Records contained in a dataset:
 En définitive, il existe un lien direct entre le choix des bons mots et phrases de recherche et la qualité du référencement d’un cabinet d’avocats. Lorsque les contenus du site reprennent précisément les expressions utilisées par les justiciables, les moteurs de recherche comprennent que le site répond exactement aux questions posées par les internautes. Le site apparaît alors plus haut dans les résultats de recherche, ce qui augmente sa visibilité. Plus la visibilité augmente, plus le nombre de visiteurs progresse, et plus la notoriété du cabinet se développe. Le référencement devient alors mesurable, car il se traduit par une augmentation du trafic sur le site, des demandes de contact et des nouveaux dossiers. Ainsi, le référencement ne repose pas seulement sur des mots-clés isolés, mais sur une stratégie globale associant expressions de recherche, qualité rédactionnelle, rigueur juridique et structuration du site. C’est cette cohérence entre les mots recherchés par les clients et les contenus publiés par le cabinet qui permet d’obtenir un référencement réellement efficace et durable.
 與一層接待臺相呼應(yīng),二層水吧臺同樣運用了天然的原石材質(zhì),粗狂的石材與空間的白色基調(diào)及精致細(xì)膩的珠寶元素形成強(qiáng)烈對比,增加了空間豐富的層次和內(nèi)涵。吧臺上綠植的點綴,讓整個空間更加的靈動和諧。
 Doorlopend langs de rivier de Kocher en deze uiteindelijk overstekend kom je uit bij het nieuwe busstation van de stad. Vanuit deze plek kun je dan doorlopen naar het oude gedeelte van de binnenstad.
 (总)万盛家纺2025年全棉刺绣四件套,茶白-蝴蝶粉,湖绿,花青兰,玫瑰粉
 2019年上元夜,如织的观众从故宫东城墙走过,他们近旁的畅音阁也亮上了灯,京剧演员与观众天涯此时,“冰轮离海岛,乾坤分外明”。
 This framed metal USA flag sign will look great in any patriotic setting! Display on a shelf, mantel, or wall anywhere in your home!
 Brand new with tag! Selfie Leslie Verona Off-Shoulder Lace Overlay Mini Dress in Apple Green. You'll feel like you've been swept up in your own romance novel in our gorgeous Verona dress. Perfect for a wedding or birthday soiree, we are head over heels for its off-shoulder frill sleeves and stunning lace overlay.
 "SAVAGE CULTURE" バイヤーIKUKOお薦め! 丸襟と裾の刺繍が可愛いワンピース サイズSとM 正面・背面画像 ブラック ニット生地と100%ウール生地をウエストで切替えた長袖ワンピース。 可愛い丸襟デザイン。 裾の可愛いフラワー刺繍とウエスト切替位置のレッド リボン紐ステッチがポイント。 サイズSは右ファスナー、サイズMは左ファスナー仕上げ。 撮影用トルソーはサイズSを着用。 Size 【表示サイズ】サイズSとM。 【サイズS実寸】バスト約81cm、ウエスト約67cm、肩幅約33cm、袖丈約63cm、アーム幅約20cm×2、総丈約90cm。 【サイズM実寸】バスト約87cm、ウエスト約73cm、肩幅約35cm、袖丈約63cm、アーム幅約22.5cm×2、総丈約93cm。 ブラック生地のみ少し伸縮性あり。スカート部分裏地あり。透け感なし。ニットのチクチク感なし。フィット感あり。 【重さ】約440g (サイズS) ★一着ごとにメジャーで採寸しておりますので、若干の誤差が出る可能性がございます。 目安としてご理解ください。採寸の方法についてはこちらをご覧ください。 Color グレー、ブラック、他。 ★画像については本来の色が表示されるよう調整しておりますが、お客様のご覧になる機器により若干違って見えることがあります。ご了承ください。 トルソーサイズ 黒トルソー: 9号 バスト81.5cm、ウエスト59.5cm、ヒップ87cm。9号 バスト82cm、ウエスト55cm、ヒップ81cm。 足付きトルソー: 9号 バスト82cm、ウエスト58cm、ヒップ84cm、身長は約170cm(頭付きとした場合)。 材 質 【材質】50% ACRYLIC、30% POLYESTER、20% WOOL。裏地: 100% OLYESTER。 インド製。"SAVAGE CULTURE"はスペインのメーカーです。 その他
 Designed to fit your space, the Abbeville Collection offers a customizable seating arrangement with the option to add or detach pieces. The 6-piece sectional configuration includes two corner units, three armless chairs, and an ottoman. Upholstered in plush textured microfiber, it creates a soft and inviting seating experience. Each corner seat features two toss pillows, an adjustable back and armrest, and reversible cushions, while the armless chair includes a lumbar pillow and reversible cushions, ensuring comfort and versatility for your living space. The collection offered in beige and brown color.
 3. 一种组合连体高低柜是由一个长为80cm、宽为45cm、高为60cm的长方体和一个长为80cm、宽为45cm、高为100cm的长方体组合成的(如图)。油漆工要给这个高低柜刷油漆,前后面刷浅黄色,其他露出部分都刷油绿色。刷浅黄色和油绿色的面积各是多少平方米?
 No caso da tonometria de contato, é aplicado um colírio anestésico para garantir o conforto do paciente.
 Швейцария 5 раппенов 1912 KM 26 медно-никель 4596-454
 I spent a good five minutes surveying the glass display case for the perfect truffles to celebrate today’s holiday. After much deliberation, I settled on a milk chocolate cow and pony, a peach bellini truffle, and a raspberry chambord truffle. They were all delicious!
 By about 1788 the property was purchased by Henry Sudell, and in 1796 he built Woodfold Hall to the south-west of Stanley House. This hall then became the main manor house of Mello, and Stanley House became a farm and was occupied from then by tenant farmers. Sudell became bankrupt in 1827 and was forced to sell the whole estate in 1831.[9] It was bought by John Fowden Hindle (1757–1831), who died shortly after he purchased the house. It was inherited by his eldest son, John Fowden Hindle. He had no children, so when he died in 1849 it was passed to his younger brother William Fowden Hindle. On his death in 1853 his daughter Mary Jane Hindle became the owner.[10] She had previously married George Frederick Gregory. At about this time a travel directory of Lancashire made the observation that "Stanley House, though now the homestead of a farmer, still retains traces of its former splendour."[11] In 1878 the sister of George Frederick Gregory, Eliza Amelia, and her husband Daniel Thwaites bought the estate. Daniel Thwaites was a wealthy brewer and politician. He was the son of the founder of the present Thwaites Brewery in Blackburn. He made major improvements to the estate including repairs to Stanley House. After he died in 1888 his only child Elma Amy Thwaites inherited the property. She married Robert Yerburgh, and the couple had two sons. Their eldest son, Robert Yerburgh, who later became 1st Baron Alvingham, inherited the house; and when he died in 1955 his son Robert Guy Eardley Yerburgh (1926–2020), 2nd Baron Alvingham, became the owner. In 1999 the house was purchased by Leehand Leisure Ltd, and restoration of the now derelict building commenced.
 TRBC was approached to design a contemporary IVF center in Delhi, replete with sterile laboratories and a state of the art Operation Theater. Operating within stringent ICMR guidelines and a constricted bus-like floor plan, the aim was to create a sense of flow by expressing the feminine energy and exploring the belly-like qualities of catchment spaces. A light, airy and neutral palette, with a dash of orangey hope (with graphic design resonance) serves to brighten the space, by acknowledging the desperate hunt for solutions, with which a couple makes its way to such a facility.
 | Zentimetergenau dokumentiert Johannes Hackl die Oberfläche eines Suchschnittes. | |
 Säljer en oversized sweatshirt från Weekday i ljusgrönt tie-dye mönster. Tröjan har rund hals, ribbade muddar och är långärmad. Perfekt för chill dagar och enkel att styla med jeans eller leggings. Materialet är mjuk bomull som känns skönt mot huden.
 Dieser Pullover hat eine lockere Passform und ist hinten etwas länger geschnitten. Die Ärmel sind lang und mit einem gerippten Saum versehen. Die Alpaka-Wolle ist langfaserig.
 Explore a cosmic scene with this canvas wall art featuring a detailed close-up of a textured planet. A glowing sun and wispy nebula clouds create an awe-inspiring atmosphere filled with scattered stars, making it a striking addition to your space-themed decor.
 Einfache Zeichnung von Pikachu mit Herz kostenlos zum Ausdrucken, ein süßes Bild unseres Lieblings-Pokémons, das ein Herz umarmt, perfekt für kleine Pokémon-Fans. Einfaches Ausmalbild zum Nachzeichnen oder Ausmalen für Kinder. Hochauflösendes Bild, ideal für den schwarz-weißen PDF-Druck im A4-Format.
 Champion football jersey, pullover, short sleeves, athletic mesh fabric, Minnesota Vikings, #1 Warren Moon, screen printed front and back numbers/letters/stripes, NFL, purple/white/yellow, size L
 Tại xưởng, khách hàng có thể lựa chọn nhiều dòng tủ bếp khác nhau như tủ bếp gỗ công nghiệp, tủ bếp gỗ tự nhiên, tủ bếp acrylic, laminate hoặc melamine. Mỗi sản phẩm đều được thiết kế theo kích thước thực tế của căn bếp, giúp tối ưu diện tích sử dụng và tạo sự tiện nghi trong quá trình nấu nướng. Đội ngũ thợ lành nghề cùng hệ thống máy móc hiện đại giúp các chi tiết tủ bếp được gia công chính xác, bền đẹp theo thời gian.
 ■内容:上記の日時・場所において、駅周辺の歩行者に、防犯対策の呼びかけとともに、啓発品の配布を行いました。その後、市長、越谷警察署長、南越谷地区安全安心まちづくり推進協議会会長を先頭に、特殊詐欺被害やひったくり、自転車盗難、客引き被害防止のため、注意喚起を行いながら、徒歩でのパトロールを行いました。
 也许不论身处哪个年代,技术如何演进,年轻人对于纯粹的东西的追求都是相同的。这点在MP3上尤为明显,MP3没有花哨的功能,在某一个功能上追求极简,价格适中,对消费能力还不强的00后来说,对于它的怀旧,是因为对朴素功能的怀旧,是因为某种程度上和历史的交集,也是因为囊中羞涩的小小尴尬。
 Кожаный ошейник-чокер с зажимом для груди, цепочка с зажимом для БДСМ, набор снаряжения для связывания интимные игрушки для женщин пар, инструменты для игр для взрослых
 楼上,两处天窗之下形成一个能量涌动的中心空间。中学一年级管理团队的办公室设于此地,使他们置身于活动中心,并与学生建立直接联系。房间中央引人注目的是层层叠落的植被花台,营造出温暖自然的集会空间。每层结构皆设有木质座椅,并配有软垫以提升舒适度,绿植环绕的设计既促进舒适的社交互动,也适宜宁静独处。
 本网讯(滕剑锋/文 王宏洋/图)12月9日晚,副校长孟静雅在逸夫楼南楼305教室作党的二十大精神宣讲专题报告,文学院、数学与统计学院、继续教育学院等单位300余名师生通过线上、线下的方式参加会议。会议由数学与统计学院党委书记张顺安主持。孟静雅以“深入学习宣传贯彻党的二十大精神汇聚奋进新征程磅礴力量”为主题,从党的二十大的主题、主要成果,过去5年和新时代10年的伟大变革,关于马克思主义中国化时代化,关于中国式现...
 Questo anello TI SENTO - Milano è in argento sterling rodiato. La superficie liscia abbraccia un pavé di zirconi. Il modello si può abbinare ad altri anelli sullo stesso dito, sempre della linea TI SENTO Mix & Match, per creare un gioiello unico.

- **Task to carry out**:
All that belongs in your answer is the stretch of entries above from the line with "3. 一种组合连体高低柜是由" through the line with "I spent a good", printed exactly.

- **Solved exercise**:
 3. 一种组合连体高低柜是由一个长为80cm、宽为45cm、高为60cm的长方体和一个长为80cm、宽为45cm、高为100cm的长方体组合成的(如图)。油漆工要给这个高低柜刷油漆,前后面刷浅黄色,其他露出部分都刷油绿色。刷浅黄色和油绿色的面积各是多少平方米?
 No caso da tonometria de contato, é aplicado um colírio anestésico para garantir o conforto do paciente.
 Швейцария 5 раппенов 1912 KM 26 медно-никель 4596-454
 I spent a good five minutes surveying the glass display case for the perfect truffles to celebrate today’s holiday. After much deliberation, I settled on a milk chocolate cow and pony, a peach bellini truffle, and a raspberry chambord truffle. They were all delicious!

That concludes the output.